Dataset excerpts
+--

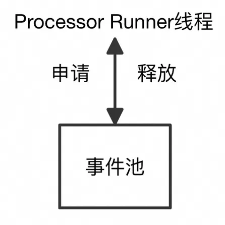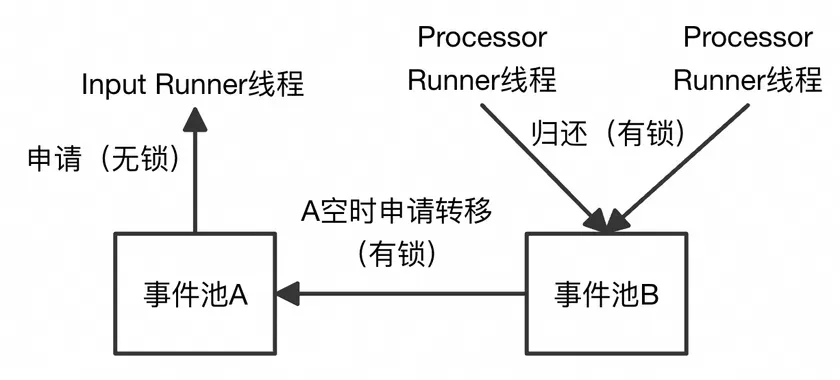 显然,在当前场景下,如果继续沿用场景一的策略,会直接失效。这是因为Input Runner线程只负责生产事件,不存在归还事件的可能。为此,当前场景的合理策略为,Processor Runner线程在归还事件时,应该将该事件归还到对应的Input Runner线程。因此,可以在Input Runner线程中维护一个事件池,Processor Runner线程将事件归还到该事件池中。
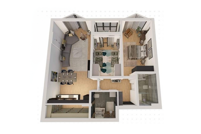 *Banesa 82.83m² ka orientim nga lindja dhe perëndimi dhe ka këtë renditje të hapësirave të brendshme: qëndrim ditor, kuzhinë, dy dhoma gjumi, dy banjo, depo dhe një ballkon.
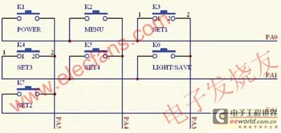 由于ST20P18的I/O口有限,故在鍵盤電路中采用掃描的方式來實(shí)現(xiàn)。該電路的實(shí)現(xiàn)方式如圖2所示。其工作的基本原理是:單片機(jī)初始化后先設(shè)置 PA0至PA5、6個(gè)I/O口均為輸入方式。以K1為研究對(duì)象,先設(shè)置PA0口為高電平,設(shè)置PA5口為低電平,當(dāng)K1按鍵按下后,PA0則由高電平跳變?yōu)榈碗娖剑a(chǎn)生中斷。單片機(jī)響應(yīng)該中斷,執(zhí)行中斷服務(wù)程序。同理,其他6個(gè)按鍵也是按照該方式工作的。單片機(jī)掃描原則是自上而下,自左而右的。
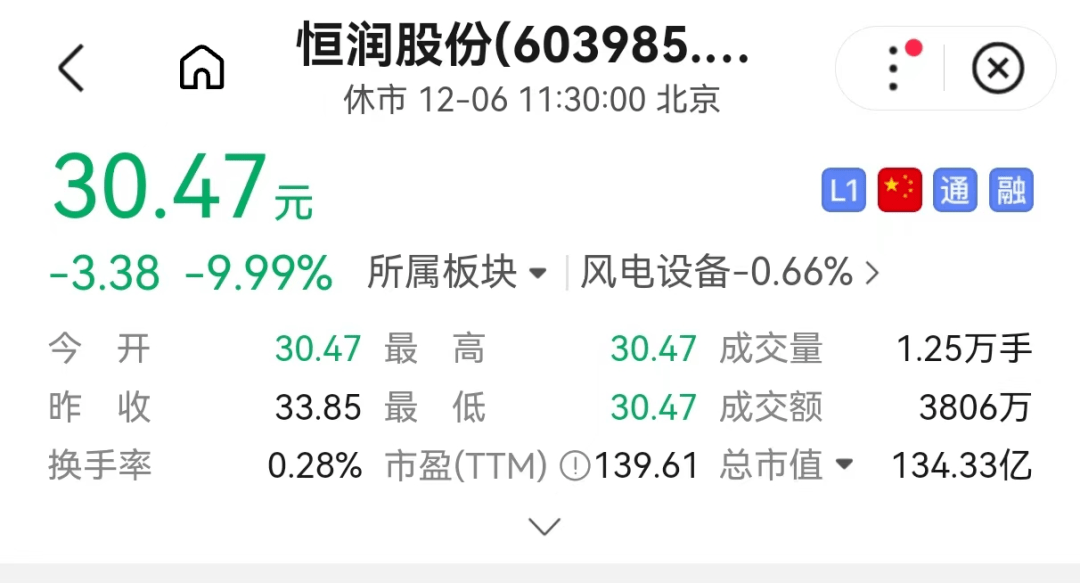 尽管业绩并不出众,但恒润股份自今年10月16日起股价出现连续大涨,短短10个交易日最高涨幅高达76%。12月6日开盘,恒润股份再陷一字跌停,连收两个跌停板。
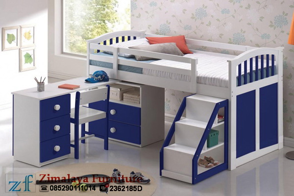 Tempat Tidur ini bermodel ranjang tingkat dengan model minimalis yang banyak fungsinya karena dengan 1 Tempat Tidur bisa untuk menyimpan bebepara perlengkapan anak seperi rak sepatu, pakaian dan buku-buku serta dilengkapi dengan meja belajar yang modelnya langsung disambung dengan tempat tidurnya. Yang menjadikan cantik pada Tempat Tidur ini adalah warna yang elegan yaitu kombinasi warna biru dan putih sehingga terlihat bagus, bersih dan berkualitas.
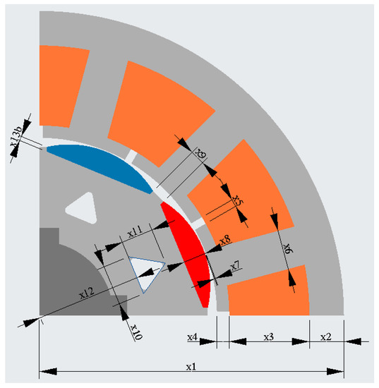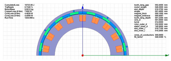 A total of 13 design variables were defined. Of these, 11 were geometric variables (slot dimensions, magnet dimensions, air gap dimensions, motor length and diameters). The remaining two were the number of turns and the wire diameter. Of these, one output quantity was the number of parallel threads. Each design variable also had upper limits. The installation location provided the maximum values for the geometric variables of the enclosure dimensions. To ensure that the geometric constraints only affected a relatively small portion of the feasible parameter space, the upper limits of the other geometric variables were set accordingly. The lower limits of the geometric variables were determined based on considerations of constructability. For the number of turns and wire diameter, wider limits were set. Although this wider range of design variables slowed down the convergence of the optimization algorithm, it allowed the optimization algorithm to search in a larger parameter space. The parameter values for the initial iteration were randomly assigned. The two operating points tested were 270 rpm–8, Nm–800 s and 270 rpm–0 Nm–200 s.

+--

> _Required action_
Would you set down only the lines above from the line with "尽管业绩并不出众,但恒润股份" to the line with "Tempat Tidur ini bermodel", both included, exactly as they stand and without the pictures?

> _Answer to the problem_
 尽管业绩并不出众,但恒润股份自今年10月16日起股价出现连续大涨,短短10个交易日最高涨幅高达76%。12月6日开盘,恒润股份再陷一字跌停,连收两个跌停板。
 Tempat Tidur ini bermodel ranjang tingkat dengan model minimalis yang banyak fungsinya karena dengan 1 Tempat Tidur bisa untuk menyimpan bebepara perlengkapan anak seperi rak sepatu, pakaian dan buku-buku serta dilengkapi dengan meja belajar yang modelnya langsung disambung dengan tempat tidurnya. Yang menjadikan cantik pada Tempat Tidur ini adalah warna yang elegan yaitu kombinasi warna biru dan putih sehingga terlihat bagus, bersih dan berkualitas.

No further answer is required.